Received 28 November 2013
Accepted 8 December 2013
Online 21 December 2013

Key indicators
Single-crystal X-ray study
T = 123 K
Mean [sigma](C-C) = 0.006 Å
Disorder in main residue
R = 0.042
wR = 0.096
Data-to-parameter ratio = 16.0
Details
Open access

1-(2,3-Di­hydroxy­prop­yl)-4-{2-[4-(di­methyl­amino)­phen­yl]vin­yl}pyridinium chloride

aCallaghan Innovation, PO Box 31-310, Lower Hutt, New Zealand
Correspondence e-mail: g.gainsford@irl.cri.nz

The title compound, C18H23N2O2+·Cl-, crystallizes with two independent cations and anions per cell. Each cation has twofold rotational disorder about the linking vinyl groups but with unequal occupancies [0.963 (5):0.037 (5) and 0.860 (8):0.140 (8)]. The two independent cations are close to being related by an inversion centre but the data does not support the expected centrosymmetric space-group assignment. The conclusion is that the differing rotational disorder has lead to an overall non-centrosymmetric lattice. In the crystal, the mol­ecules pack in layers parallel to (133) and (-13-3), chain-linked with motif C12(7) by the di­hydroxy­propyl O-H...Cl...H-O hydrogen bonds.

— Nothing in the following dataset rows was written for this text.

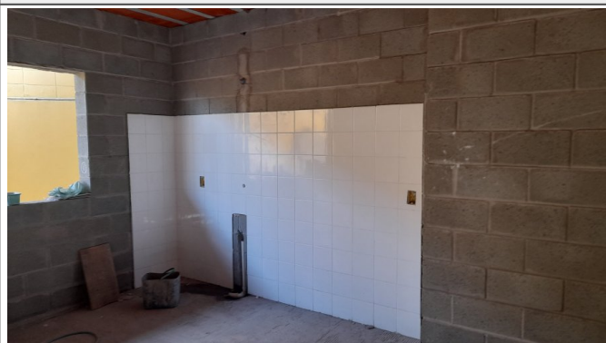
Assentamento de revestimento em paredes e piso e Instalações hidrossanitárias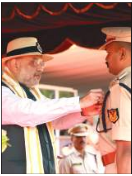
केंद्रीय गृह मंत्री अमित शाह रविवार को हैदराबाद में सीआईएसएफ के 54वीं स्थापना दिवस परेड में शामिल हुए।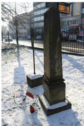
Grób Jakóba Holzera na Starym Cmentarzu w Rzeszowie.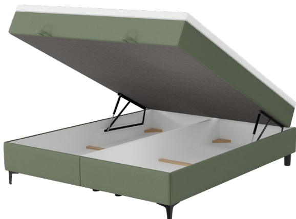
Bettkasten HO 50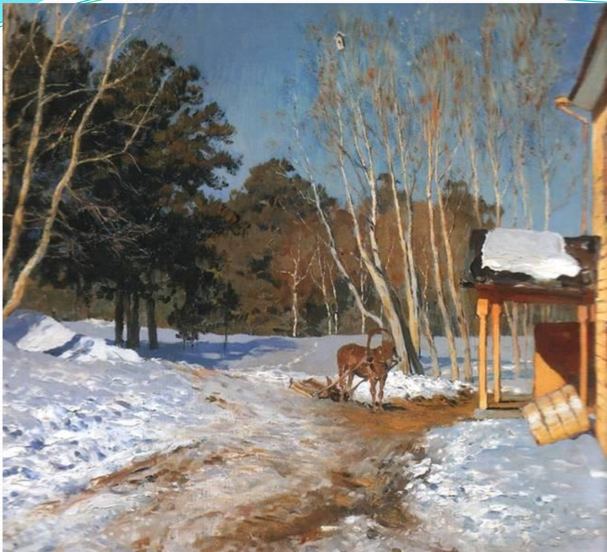
Исаак Левитан. Март.

Весна! Весна по всем приметам, Куда теперь я ни взгляну. Весна с улыбкой и приветом... Затем жить стоит в мире этом, Чтоб видеть русскую Весну!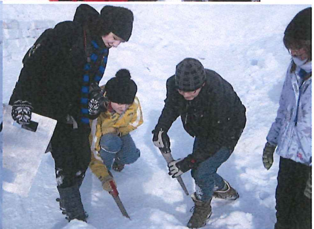
Patikointia, hienoja maisemia, kiviä ja lunta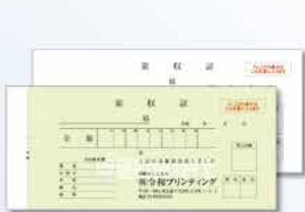
725N 複写 小切手判タイプ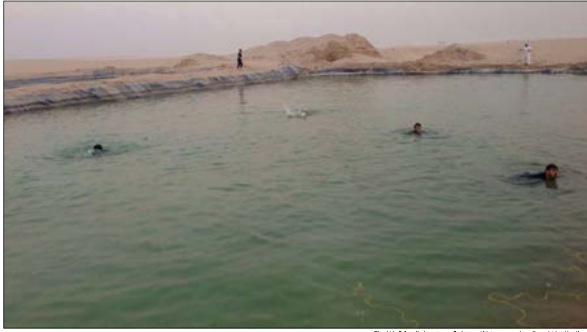
رجال الإطفاء والغواصون خلال عملية تمشيط البركة الملوثة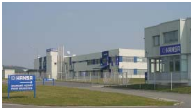
Novostavba závodu HANSA ČESKO, s. r. o., na výrobu vodoinstalačních armatur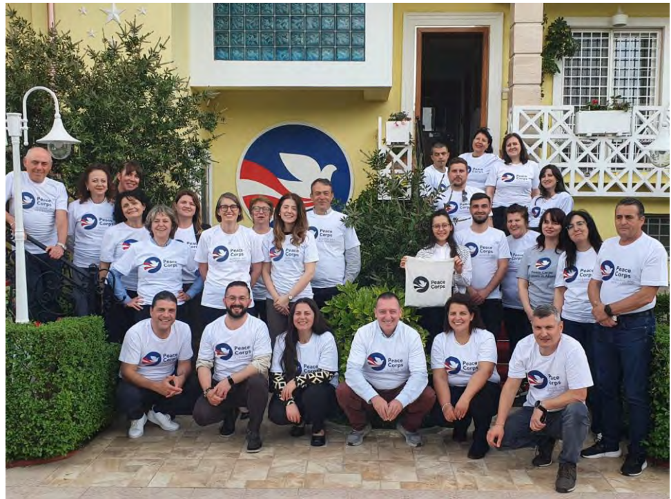
Anëtarët e stafit në një event për zhvillimin e ekipit në prill të vitit 2025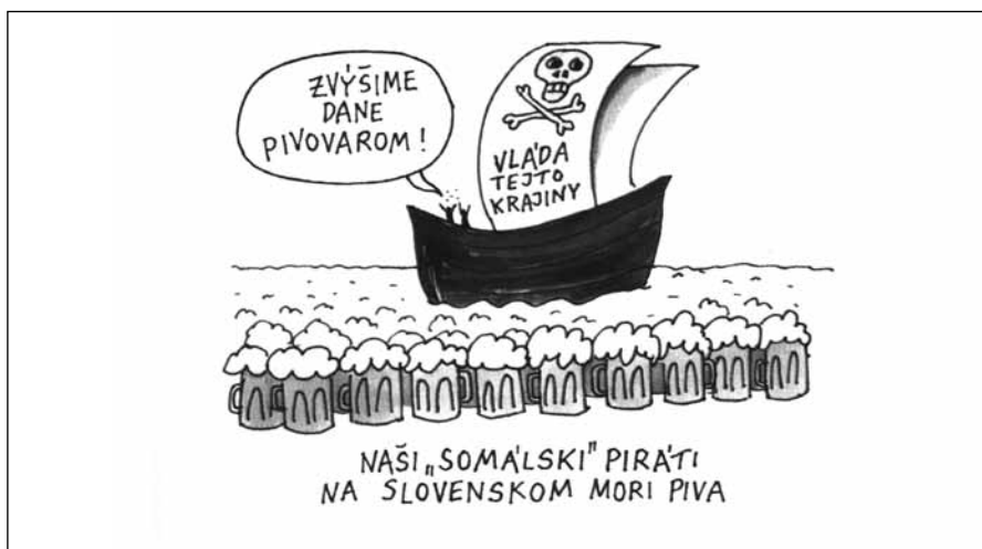
Kresba: Andrej Mišanek, prevzaté z Extra plus

Nuž veru tak, rozliční krtkovia, okrem tých užitočných, nám podryvajú a rozryvajú všetko, čo nás stáročia ochraňovalo. Lásku k vlasti, lásku k svojej, lásku ku kultúre a kresťanskej histórii. Aj v tom je demokracia...?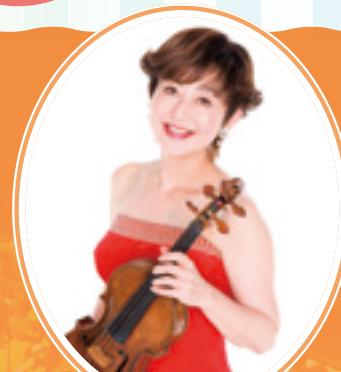
ヴァイオリン 大谷 康子 ＊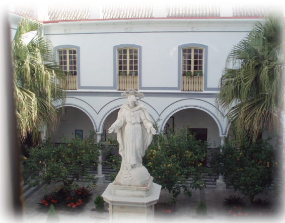
Patio central del colegio de los PP. Escolapios en Sanlúcar de Barrameda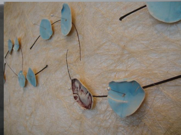
鳳凰木的家 瓷片, 鳳凰木葉幹, 苧麻紙, 針 720x90x5cm, 2010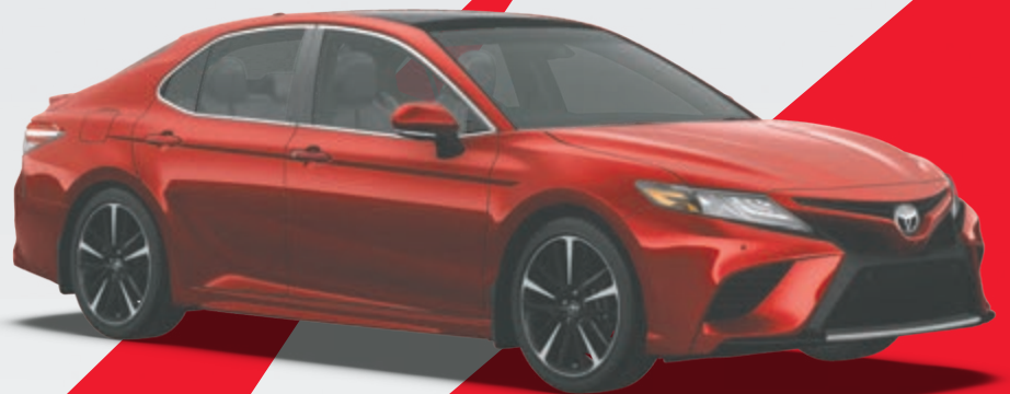
Modèle XLE V6 2018 illustré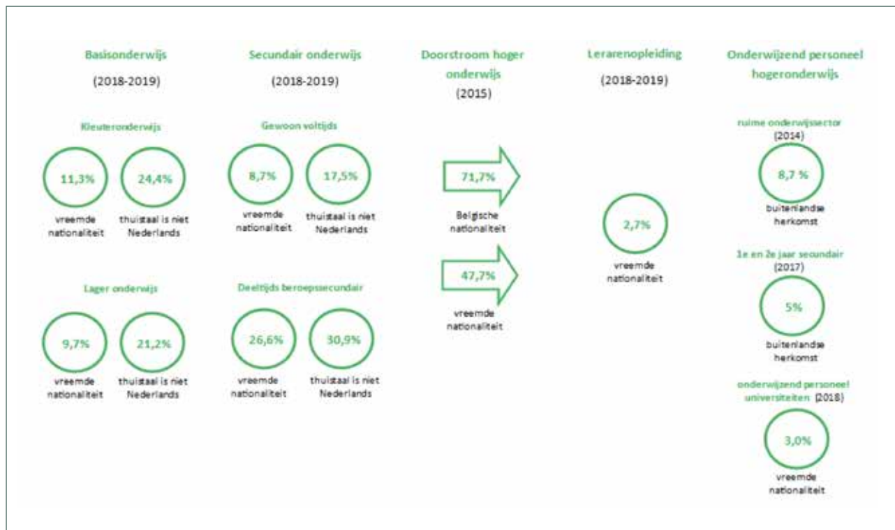
Figuur 3. Percentages personen van buitenlandse herkomst doorheen het Vlaamse onderwijs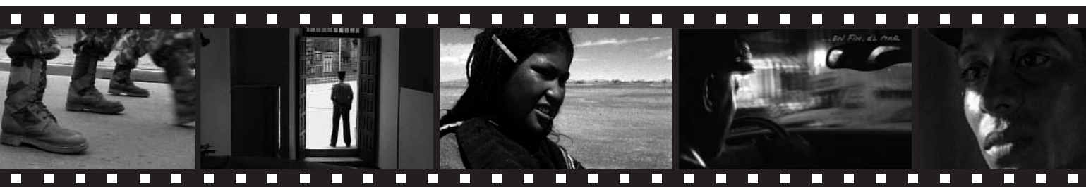
Fotogramas de Operación Algeciras (los dos primeros); Vuelve Sebastiana ; En fin, el mar y Marasmo .

A lo largo del mes de mayo, el Instituto Cervantes de Toulouse organizará una muestra de cine en la que se exhibirán películas y documentales seleccionados de la 29.ª edición del Festival de Cine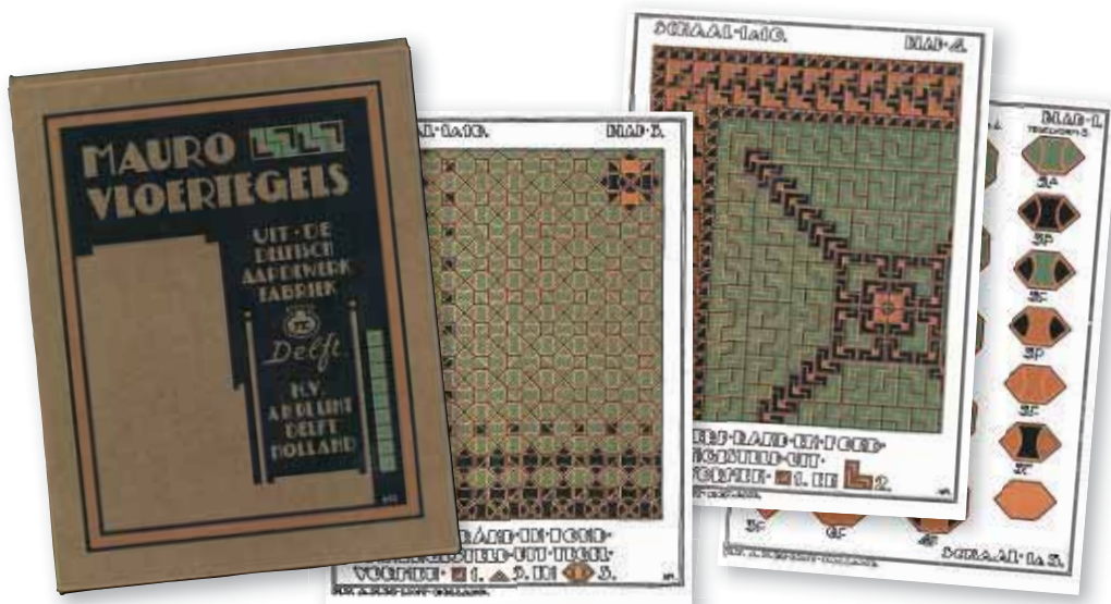
Brochure voor Maurovloertegels van NV A.H. de Lint te Delft.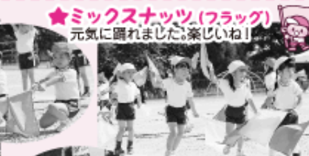
★ ミックスナッツ(フラッグ) 元気に踊れました！楽しいね！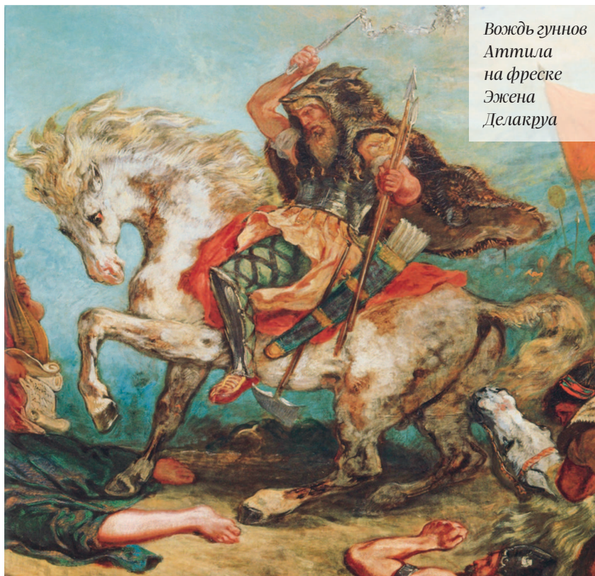
Вождь гуннов Аттила на фреске Эжена Делакруа

■ 50 ДЕНАРИЕВ ГУНТАМУНДА (кон. V в.) — одна из старейших сохранившихся варварских монет. Правитель вандалов Гунтамунд подражал римским образцам. И на монете скорее не варварский, а римский (византийский) правитель. «Варварские денарии» стали основой для других монет формирующихся государств Европы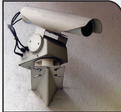
Videoüberwachung – Alles im Blick!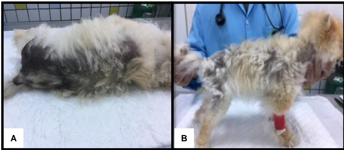
Figura 1 – Primeiro paciente antes da realização do microagulhamento. Presença de alopecia e melanodermia na região dorso ventral (A) e região lateral do tórax (B).

Dois pacientes caninos, machos, da raça Spitz Alemão, castrados, 2 e 5 anos de idade, respectivamente, foram atendidos na clínica Pronto Pet entre junho e dezembro de 2017, apresentando como queixa principal um quadro de alopecia simétrica bilateral na região de dorso e flanco, poupando cabeça e membros, além de melanodermia na região cervical ventral e dorsal, caudal e perianal (Figura 1 e 2).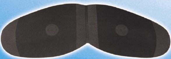
8204 Korunka 5, 7, tl. 2,2 mm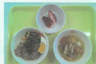
《節分メニュー》 ビビンバ かみなり汁 いちご 《おやつ》 おにまんじゅう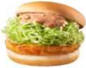
咕咕雞堡 Chicken Burger with Thousand Island Dressing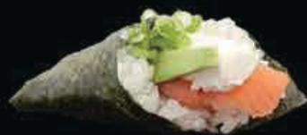
T4 Phila salmone con philadelphia e avocado € 3.50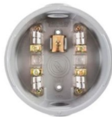
BASES DE MEDICIÓN MONOFASICA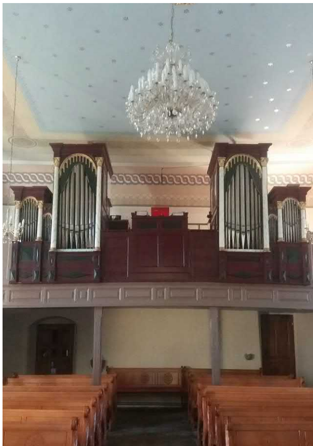
Slika 3. Gornja Rijeka, orgle.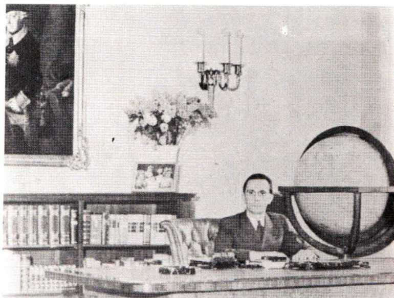
Ό Γκαϊμπελς στο γραφείο του, στο ύπουργείο προπαγάνδας.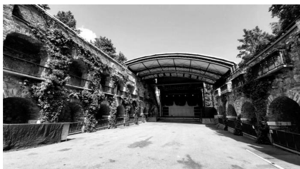
Рис. 10. Адаптація казематів з розміщенням сцени та місць для глядачів. Замок Шлосберг, Грац, Австрія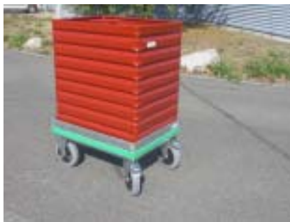
Metallboxe Typ 2310 mit Logistik-Roller Boite métallique 2310, avec chariot roulant en profil cornière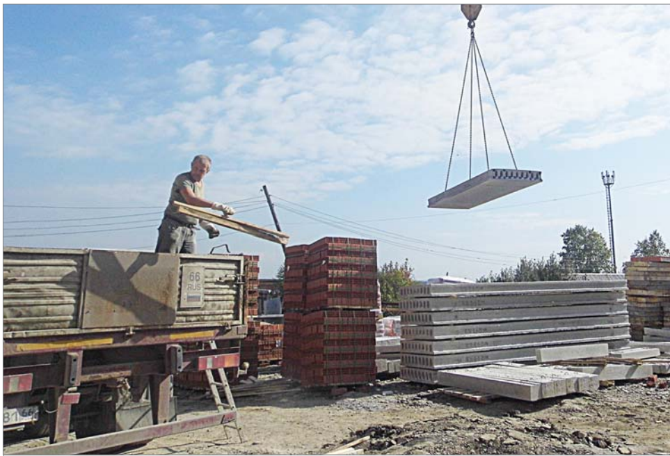
Привезли плиты перекрытий.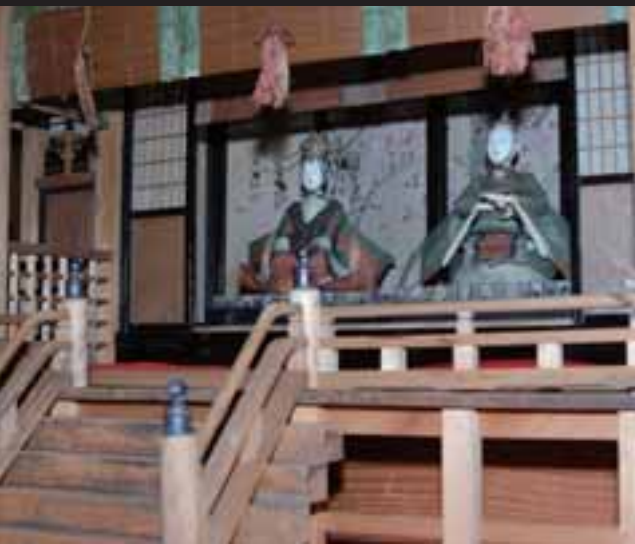
▲御殿飾りひな人形(江戸時代、知多市歴史民俗博物館蔵)：初期の御殿は、実際の貴族の屋敷がモデル。 白木で簡素だが手の込んだ作りのものが多い。

3月3日はひな祭り(桃の節句)です。資料館では、昭和57年の開館以来毎年ひな人形展を開催。今年で26回目を迎える今回は、御殿飾りひな人形を中心に展示紹介しています。華やかな御殿飾りの移り変わりを感じに、ぜひお出掛けください。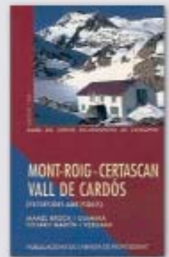
Mont-roig - Certascan - vall de Cardós (Excursions amb esquís)

A la capçalera de la vall Ferrera es troba la població d'Àreu, centre neuràlgic d'una gran part dels itineraris del vessant meridional d'aquesta guia. El refugi de Vallferrera constitueix la base per als principals recorreguts que culminen als cims més destacats de la regió: el Monteixo i la pica d'Estats. Aquesta guia es complementa amb la de la Vall de Cardós (Mont-roig - Certascan), dels mateixos autors.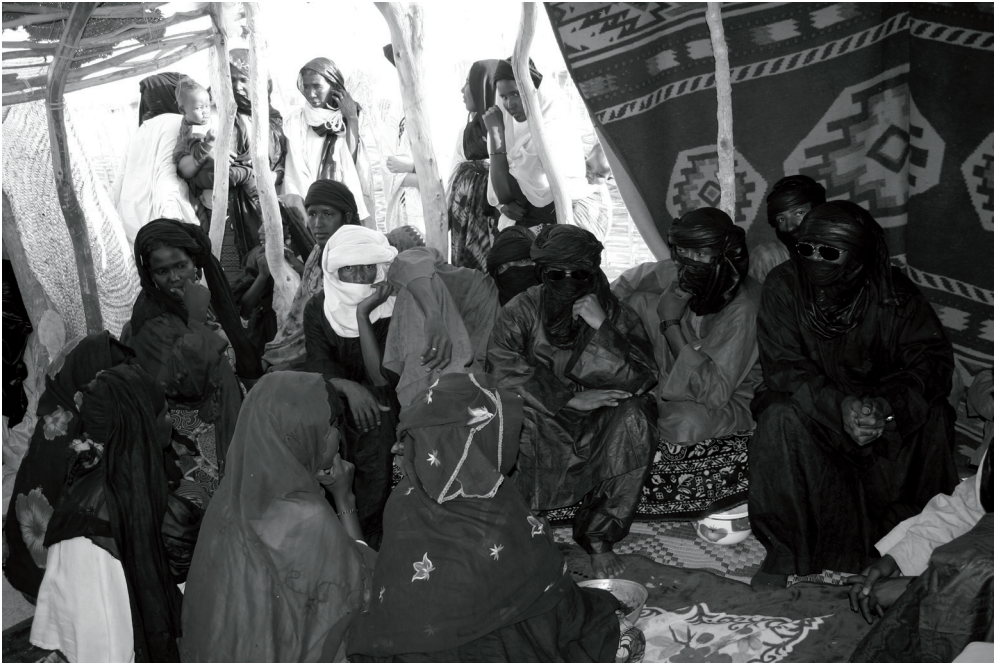
Fotografija 2: Poroka v Nigru 2006.

svoboden človek in je dobil tudi zagrinjalo (Claudot-Hawad 1993: 14, Claudot-Hawad 2001: 151–171). 9 Nicolaisen in Nicolaisen poročata, da za nekatere imghad nošenje taglmust ni bilo bistveno, kot tudi ne za kovače (Nicolaisen in Nicolaisen 1997: 49, 50, 52, 59, 676). Illbakan – ki so imghad – s katerimi sem govorila, poudarjajo enakost z imažeghan in obravnavajo aššak in s tem taglmust kot stvar vedènja. Kovači pa nosijo vse bolj vpadljive taglmust , kadar želijo turistom prodati nakit.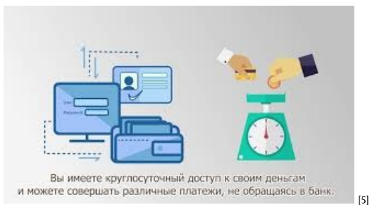
Как безопасно использовать свою платежную карту [5]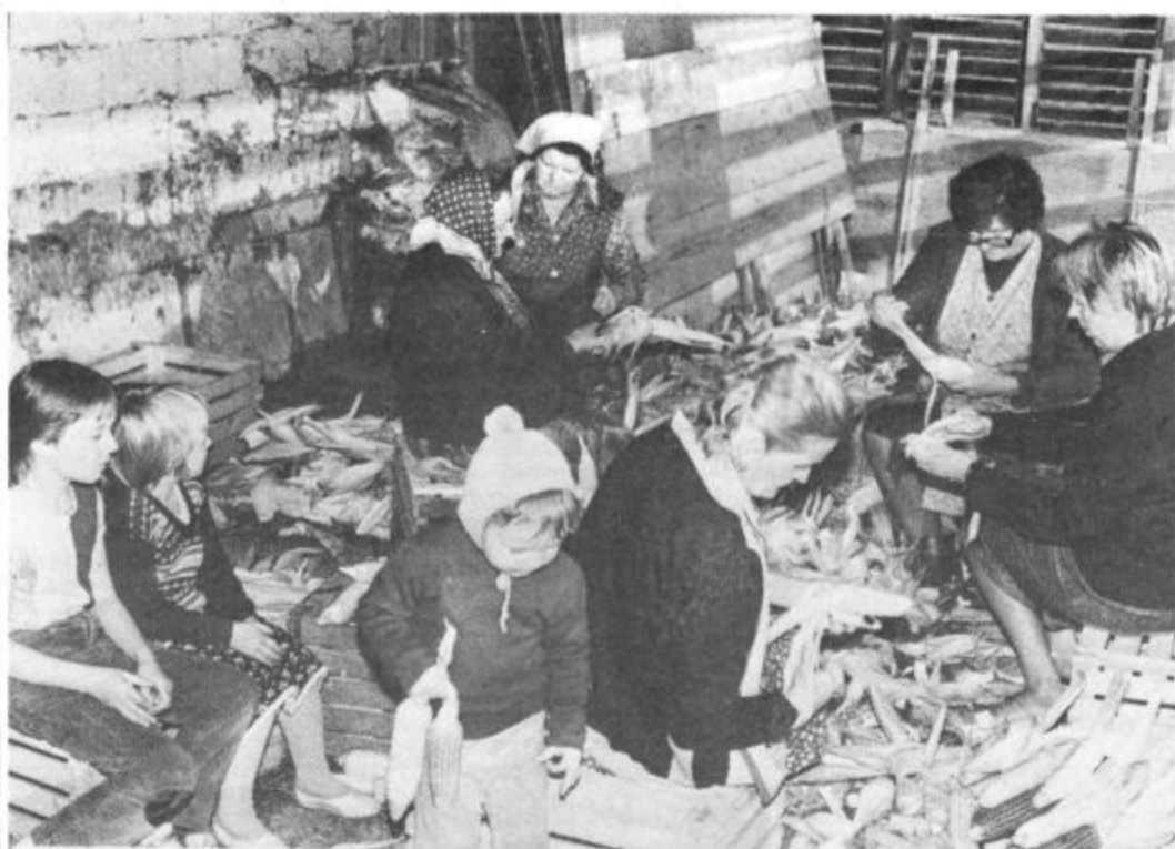
Poletje se je poslovilo, nastopila je bogata jesen s svojimi plodovi in obilico dela za pridne roke. Več se jih zbere ob ličkanju koruze, prijetneje je.

Other lattice binding is provided by O-H...Cl, C-H...Cl and C-H...N inter­actions.

Related literature

For applications of organic push-pull chromophores, see: Kay et al. (2004[Kay, A. J., Woolhouse, A. D., Zhao, Y. & Clays, K. (2004). J. Mater. Chem. 14, 1321-1330.]); Bass et al. (2001[Bass, M., Enoch, J. M., Stryland, E. W. V. & Wolfe, W. L. (2001). In Handbook of Optics IV: Fibre Optics and Nonlinear Optics. New York: Academic Press.]); Prasad et al. (1988[Prasad, P. N. & Ulrich, D. R. (1988). In Nonlinear Optical and Electro active Polymers. New York: Plenum.]). For a related example of rotational disorder, see: Moreno-Fuquen et al. (2009[Moreno-Fuquen, R., Dvries, R., Theodoro, J. & Ellena, J. (2009). Acta Cryst. E65, o1371.]). For details of the synthesis, see: Kay et al. (2001[Kay, A. J., Woolhouse, A. D., Gainsford, G. J., Haskell, T. G., Barnes, T. H., McKinnie, I. T. & Wyss, C. P. (2001). J. Mater. Chem. 11, 996-1002.]). For hydrogen-bond motifs, see: Bernstein et al. (1995[Bernstein, J., Davis, R. E., Shimoni, L. & Chang, N.-L. (1995). Angew. Chem. Int. Ed. Engl. 34, 1555-1573.]).

[Scheme 1]

Experimental

Crystal data
  • C18H23N2O2+·Cl-

  • Mr = 334.83

  • Monoclinic, P 21

  • a = 8.4452 (3) Å

  • b = 13.2433 (5) Å

  • c = 15.3649 (6) Å

  • [beta] = 100.077 (3)°

  • V = 1691.94 (11) Å3

  • Z = 4

  • Mo K[alpha] radiation

  • [mu] = 0.24 mm-1

  • T = 123 K

  • 0.55 × 0.10 × 0.09 mm

Data collection
  • Bruker-Nonius APEXII CCD area-detector diffractometer

  • Absorption correction: multi-scan (Blessing, 1995[Blessing, R. H. (1995). Acta Cryst. A51, 33-38.]) Tmin = 0.651, Tmax = 0.746

  • 38193 measured reflections

  • 7581 independent reflections

  • 5545 reflections with I > 2[sigma](I)

  • Rint = 0.063

Refinement
  • R[F2 > 2[sigma](F2)] = 0.042

  • wR(F2) = 0.096

  • S = 1.02

  • 7581 reflections

  • 474 parameters

  • 13 restraints

  • H atoms treated by a mixture of independent and constrained refinement

  • [Delta][rho]max = 0.18 e Å-3

  • [Delta][rho]min = -0.20 e Å-3

  • Absolute structure: Flack parameter determined using 2152 quotients [(I+)-(I-)]/[(I+)+(I-)] (Parsons et al., 2013[Parsons, S., Flack, H. D. & Wagner, T. (2013). Acta Cryst. B69, 249-259.])

  • Absolute structure parameter: 0.07 (4)

Table 1
Hydrogen-bond geometry (Å, °)

D-H...A D-H H...A D...A D-H...A
O1-H1O...Cl1 0.83 (3) 2.20 (3) 3.024 (3) 174 (4)
O2-H2O...Cl1i 0.83 (3) 2.27 (3) 3.086 (3) 169 (4)
C2-H2...O2'i 0.95 2.40 3.222 (5) 145
C5A-H5A...Cl2ii 0.95 2.78 3.687 (5) 159
C8-H8A...N2ii 0.99 2.65 3.637 (5) 176
O1'-H1O'...Cl2 0.84 (3) 2.25 (3) 3.083 (3) 171 (4)
O2'-H2O'...Cl2iii 0.83 (3) 2.29 (3) 3.104 (3) 169 (4)
C6'-H6'...O2iii 0.95 2.40 3.236 (6) 147
Symmetry codes: (i) x+1, y, z; (ii) [-x+1, y-{\script{1\over 2}}, -z+1]; (iii) x-1, y, z.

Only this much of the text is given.